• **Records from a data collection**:

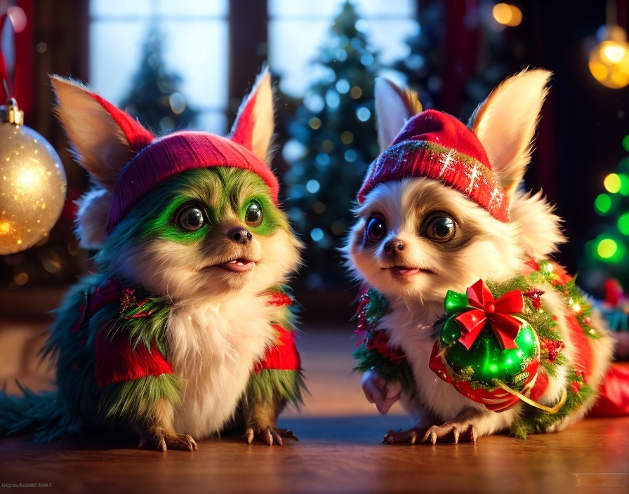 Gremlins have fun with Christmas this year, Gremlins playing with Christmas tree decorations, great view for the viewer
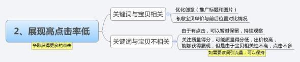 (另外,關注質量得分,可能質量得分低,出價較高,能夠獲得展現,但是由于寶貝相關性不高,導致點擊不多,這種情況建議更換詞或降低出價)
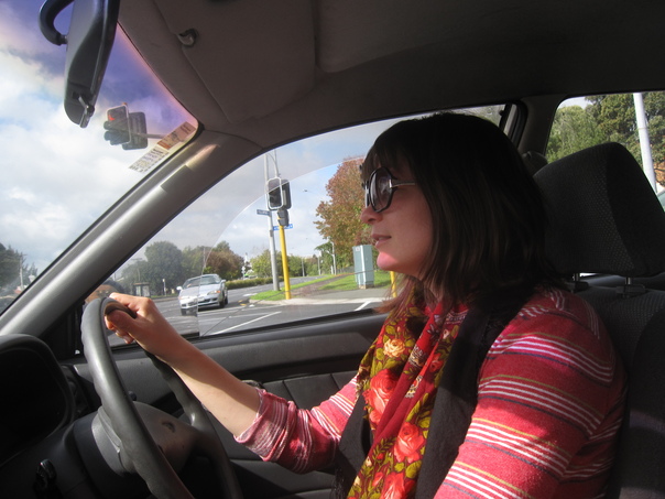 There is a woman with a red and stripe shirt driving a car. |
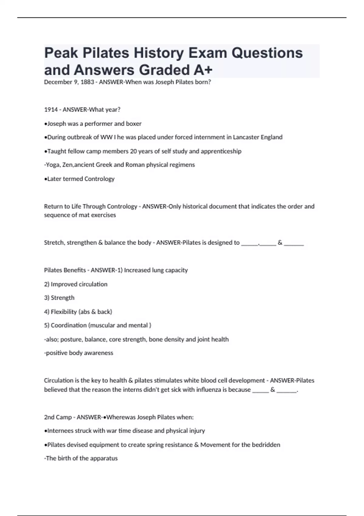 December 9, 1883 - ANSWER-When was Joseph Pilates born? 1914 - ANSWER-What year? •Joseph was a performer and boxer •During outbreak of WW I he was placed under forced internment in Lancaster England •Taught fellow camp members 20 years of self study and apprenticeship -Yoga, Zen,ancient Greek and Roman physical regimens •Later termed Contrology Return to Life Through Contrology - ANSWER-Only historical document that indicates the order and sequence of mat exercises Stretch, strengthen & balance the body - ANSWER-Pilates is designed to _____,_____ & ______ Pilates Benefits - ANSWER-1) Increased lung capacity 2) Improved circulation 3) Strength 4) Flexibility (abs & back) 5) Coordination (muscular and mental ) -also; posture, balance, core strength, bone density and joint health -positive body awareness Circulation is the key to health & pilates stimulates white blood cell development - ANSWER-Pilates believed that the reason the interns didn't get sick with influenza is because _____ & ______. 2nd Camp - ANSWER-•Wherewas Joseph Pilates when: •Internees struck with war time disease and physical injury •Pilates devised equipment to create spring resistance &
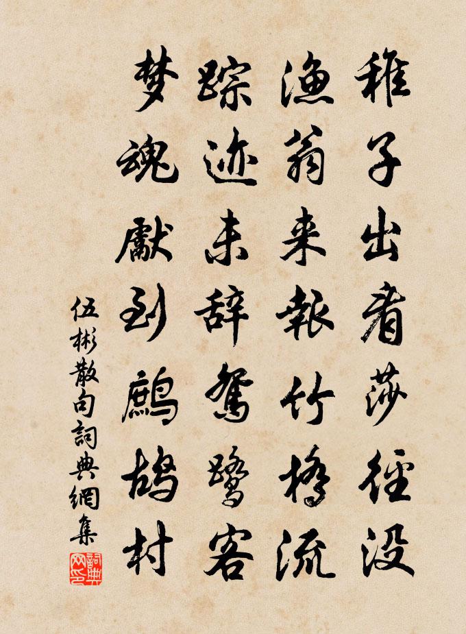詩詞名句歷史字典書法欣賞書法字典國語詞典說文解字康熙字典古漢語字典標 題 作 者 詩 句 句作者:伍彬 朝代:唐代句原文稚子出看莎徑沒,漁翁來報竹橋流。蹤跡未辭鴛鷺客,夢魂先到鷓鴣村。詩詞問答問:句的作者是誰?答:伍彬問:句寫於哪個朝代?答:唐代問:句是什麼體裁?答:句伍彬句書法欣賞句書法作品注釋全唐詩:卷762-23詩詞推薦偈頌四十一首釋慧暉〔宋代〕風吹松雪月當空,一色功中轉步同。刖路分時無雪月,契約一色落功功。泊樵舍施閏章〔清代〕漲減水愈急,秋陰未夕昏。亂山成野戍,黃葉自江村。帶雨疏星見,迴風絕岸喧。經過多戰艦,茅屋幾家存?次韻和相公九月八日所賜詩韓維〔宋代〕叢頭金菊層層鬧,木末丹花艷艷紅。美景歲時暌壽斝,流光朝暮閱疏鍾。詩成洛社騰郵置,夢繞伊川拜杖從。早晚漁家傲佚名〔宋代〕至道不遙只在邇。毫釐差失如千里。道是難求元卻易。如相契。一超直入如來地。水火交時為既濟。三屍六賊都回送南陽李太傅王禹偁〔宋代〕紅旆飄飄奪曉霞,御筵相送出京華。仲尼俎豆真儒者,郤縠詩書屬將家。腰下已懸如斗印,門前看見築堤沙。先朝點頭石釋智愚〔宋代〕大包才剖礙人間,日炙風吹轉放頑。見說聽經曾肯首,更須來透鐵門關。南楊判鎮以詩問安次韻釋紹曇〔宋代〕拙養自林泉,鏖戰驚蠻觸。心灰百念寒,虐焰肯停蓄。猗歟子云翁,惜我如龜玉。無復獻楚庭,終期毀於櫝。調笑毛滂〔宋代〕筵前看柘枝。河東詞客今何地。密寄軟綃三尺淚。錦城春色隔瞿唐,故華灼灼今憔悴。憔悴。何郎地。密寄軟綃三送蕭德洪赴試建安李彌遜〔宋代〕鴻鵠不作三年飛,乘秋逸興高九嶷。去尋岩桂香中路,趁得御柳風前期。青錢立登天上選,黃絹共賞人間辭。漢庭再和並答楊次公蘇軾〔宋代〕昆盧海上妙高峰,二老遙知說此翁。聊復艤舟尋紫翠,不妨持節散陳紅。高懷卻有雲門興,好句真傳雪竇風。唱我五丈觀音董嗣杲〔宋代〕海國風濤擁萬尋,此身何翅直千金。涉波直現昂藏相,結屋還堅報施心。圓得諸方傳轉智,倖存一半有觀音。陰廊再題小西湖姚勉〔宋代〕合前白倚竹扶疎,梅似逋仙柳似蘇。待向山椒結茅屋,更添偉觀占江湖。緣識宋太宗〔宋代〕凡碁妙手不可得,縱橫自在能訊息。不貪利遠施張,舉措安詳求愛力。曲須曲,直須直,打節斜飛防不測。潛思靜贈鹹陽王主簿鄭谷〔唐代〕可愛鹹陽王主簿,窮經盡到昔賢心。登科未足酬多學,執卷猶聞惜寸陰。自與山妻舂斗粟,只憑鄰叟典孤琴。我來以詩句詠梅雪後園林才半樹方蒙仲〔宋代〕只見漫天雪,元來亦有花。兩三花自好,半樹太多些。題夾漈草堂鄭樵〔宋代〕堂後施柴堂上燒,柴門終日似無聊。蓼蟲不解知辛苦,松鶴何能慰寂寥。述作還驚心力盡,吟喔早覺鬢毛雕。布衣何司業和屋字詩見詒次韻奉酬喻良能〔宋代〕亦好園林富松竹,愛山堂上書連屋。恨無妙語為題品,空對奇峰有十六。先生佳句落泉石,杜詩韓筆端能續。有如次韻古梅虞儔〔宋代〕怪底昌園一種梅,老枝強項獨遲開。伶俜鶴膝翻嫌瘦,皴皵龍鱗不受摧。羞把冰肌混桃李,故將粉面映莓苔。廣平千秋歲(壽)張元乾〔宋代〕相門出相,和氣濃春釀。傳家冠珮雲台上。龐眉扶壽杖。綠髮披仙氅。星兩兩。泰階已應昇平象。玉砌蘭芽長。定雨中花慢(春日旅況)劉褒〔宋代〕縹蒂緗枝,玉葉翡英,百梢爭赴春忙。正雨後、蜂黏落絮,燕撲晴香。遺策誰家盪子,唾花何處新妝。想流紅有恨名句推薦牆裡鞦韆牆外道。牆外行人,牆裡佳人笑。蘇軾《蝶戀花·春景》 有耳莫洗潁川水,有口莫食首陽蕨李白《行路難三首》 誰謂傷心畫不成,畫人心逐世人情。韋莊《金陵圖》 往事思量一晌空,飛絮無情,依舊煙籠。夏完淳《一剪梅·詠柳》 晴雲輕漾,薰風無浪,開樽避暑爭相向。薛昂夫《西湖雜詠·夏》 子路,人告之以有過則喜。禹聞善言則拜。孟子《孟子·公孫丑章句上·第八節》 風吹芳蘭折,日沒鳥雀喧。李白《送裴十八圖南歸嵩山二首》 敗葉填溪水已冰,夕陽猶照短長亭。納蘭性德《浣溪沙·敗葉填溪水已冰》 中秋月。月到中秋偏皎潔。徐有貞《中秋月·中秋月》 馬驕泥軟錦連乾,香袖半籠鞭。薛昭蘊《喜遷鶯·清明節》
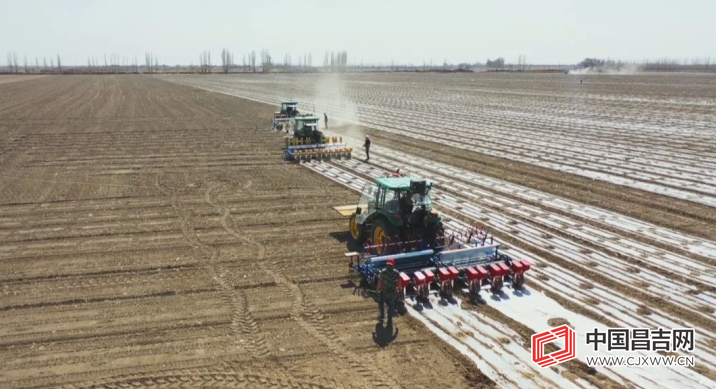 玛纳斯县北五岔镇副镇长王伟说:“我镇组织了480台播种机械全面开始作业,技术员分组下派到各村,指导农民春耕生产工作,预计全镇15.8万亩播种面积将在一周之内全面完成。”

• **About this task**:
For the entries above, print exactly the lines between the one with "(另外,關注質量得分,可能質" and the one with "December 9, 1883", inclusive, with no pictures.

• **Solution for this task**:
 (另外,關注質量得分,可能質量得分低,出價較高,能夠獲得展現,但是由于寶貝相關性不高,導致點擊不多,這種情況建議更換詞或降低出價)
 There is a woman with a red and stripe shirt driving a car. |
 December 9, 1883 - ANSWER-When was Joseph Pilates born? 1914 - ANSWER-What year? •Joseph was a performer and boxer •During outbreak of WW I he was placed under forced internment in Lancaster England •Taught fellow camp members 20 years of self study and apprenticeship -Yoga, Zen,ancient Greek and Roman physical regimens •Later termed Contrology Return to Life Through Contrology - ANSWER-Only historical document that indicates the order and sequence of mat exercises Stretch, strengthen & balance the body - ANSWER-Pilates is designed to _____,_____ & ______ Pilates Benefits - ANSWER-1) Increased lung capacity 2) Improved circulation 3) Strength 4) Flexibility (abs & back) 5) Coordination (muscular and mental ) -also; posture, balance, core strength, bone density and joint health -positive body awareness Circulation is the key to health & pilates stimulates white blood cell development - ANSWER-Pilates believed that the reason the interns didn't get sick with influenza is because _____ & ______. 2nd Camp - ANSWER-•Wherewas Joseph Pilates when: •Internees struck with war time disease and physical injury •Pilates devised equipment to create spring resistance &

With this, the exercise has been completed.